Schafer even double-checked the prosecutor’s commitment to the agreement.
“Are you still comfortable with the Killebrew agreement that your office worked out with the defendant?” he asked the assistant prosecuting attorney who appeared for the case.
“Very much so, your honor,” the attorney responded.
Schafer, the county’s former prosecutor, eventually decided to go along with the deal.
“I also stood in (the prosecutor’s) shoes one time, and I guess, I hope, they have good reasons for agreements that are at the bottom end of the guidelines when … for all intents and purposes, you probably should be going to prison,” he said.
Weeks after Vansuilichem was released from his jail term, investigators say he began committing the break-ins in Kent County.
Despite the new allegations, Ionia County Prosecutor Kyle Butler stands by the agreement he made.
“The bottom line is that the sentence for this offense was fair in light of the totality of the circumstances and supported by MDOC (the Michigan Department of Corrections) and ultimately the Judge as well (who could have refused to follow the agreement),” he said in a written statement to 24 Hour News 8. “My heart goes out to those people that may have been victimized by his actions and I’m sure that if the allegations prove true justice will be served.”
The Kent County assistant prosecuting attorney handling the new allegations against Vansuilichem said no such deal should be expected.
On Wednesday, the suspect appeared in court briefly to waive his right to a preliminary exam on one of the counts he faces.

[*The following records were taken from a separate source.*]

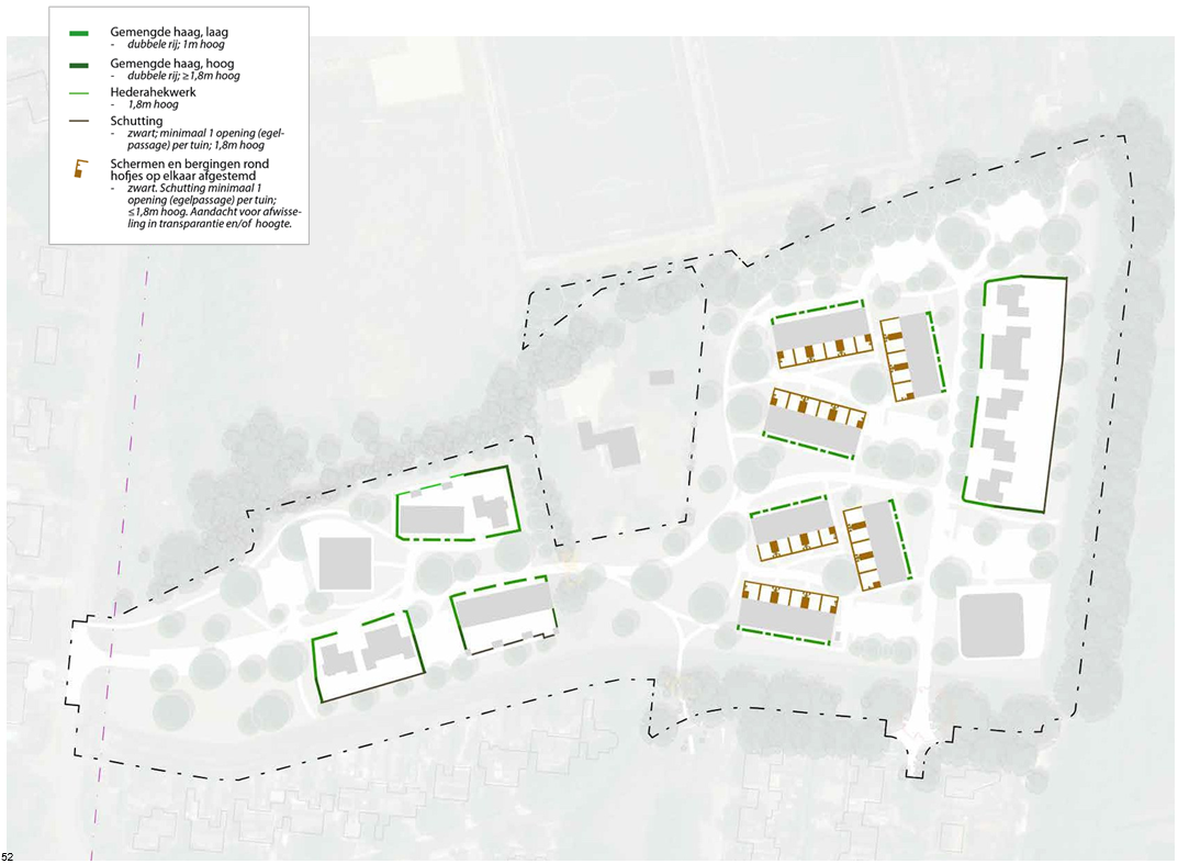 Onder meer vanwege het beheer van de openbare ruimte, zoals de groene zones langs enkele achtertuinen, is een haag of een hekwerk met klimop (hedera) niet altijd een optie. Hier worden zwarte schuttingen voorgesteld, die samen een eenduidig beeld vormen. In de hofjes is extra aandacht voor het totaalbeeld van de achtertuinen: de bergingen, containerschermen én schuttingen.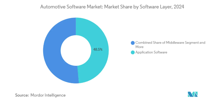 アプリケーションソフトウェアは2024年においても自動車ソフトウェア市場の48.53%を占め、最高収益源を維持しています。これはADAS、インフォテインメント、パーソナライズされた無線アップデート(OTA)に対する顧客の需要を反映しています。オペレーティングシステムプラットフォームは最も急速に成長する分野であり、OEMが機能安全向けに強化されたLinuxベースのディストリビューションを採用する中、年平均成長率(CAGR)9.71%で拡大しています。統合コンピューティングによる機能展開の迅速化に伴い、アプリケーション層コードの市場規模は着実に拡大すると予測されます。POSIXカーネルと高レベルアプリケーション間の安全認証済みブリッジとして機能するミドルウェアの戦略的価値も同様に高まっており、Aptiv社はこれをゾーン間トラフィックの「オーケストレーター」と呼んでいます。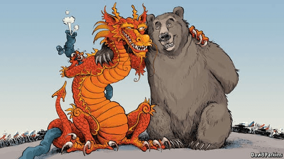 A large expanse of Russian land-mass lies in Asia. The Russia national emblem has an eagle with two heads facing in opposite directions. The saying among Russian people say that one head is looking towards Europe and the other towards Asia. But traditionally the Russian people and rulers have preferred to be known as a European nation. The power and prestige loss after the dissolution of Soviet Union had demoralized the Russian people. In the soviet times they were enamored with anything Western. They now hoped that they will now become like a Western country. China realised this insecurity and stepped in with treaties of friendship and increased economic and defence relationship. On the other hand, the Americans snubbed Russia and tried to move closer to Russian borders by taking more erstwhile Warsaw pact countries into NATO and EU fold. This pushed Russia, to its own detriment, into the Chinese arms.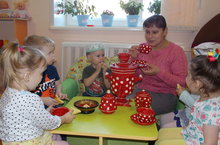 Без беренче кечкенәләр төркеме балалары белән сюжетлы -рольле уеннар уйнарга яратабыз. Бу атна "Гаилә" темасына багышланган уңайдан, балалар белән төркемдә гаиләдә кичке чәй эчү күренешен уйнадык.Һәрбер бала үз ролен оста итеп башкарды, кунак булып килгән апаларын чәй белән сыйладылар.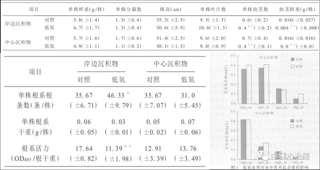 2、低氧對苦草根系的影響顯著,表現(xiàn)為根須變細(xì)且數(shù)量增加,根系活力明顯下降。

The full statement from the Ionia County prosecutor:
“Attached you’ll find a portion of the PSIR for the recent case in which the Defendant was sentenced to 60 days jail and probation for 3 years (as well as other terms of probation). You’ll see that this recommendation was supported by MDOC after they interviewed the Defendant and evaluated his criminal history, employment, education, and other facets of his life. “Yes, it is true that the offense he was sentenced on in our county was his 6th felony offense. Worth noting however, is that the prior felonies all occurred between the dates of 7/6/2002-7/19/2002 with no felony charges until 2016—14 years later. “One statement that you are surely not aware of is that during sentencing on this charge, Judge Schafer acknowledged that he too was once a prosecutor and he knows that prosecutors have reasons for the plea deals they make. Judges are not always privy to all the reasons why prosecutors offer the plea deals that they do and that is very true in this case.“As you’ll see in the “Agent’s Description of the Offense” (see attached) you’ll get a better feel for what this case was all about. The case involved the growing of marijuana and a violation of the MMMA. It would be a rare instance indeed that our office (under my tenor or my predecessor’s) would request prison for such an offence under these circumstances unless the scoring guidelines absolutely required it—which in this case they clearly did not as the Defendant only scored 2-17 months incarceration. “The bottom line is that the sentence for this offense was fair in light of the totality of the circumstances and supported by MDOC and ultimately the Judge as well (who could have refused to follow the agreement). “I understand that the Defendant has been charged in Kent County with multiple counts of Home Invasion. That is very unfortunate for him as if he is found guilty of violating probation in our county and/or in Kent County for the charges then he will likely serve much more time in jail or prison. “My heart goes out to those people that may have been victimized by his actions and I’m sure that if the allegations prove true justice will be served.”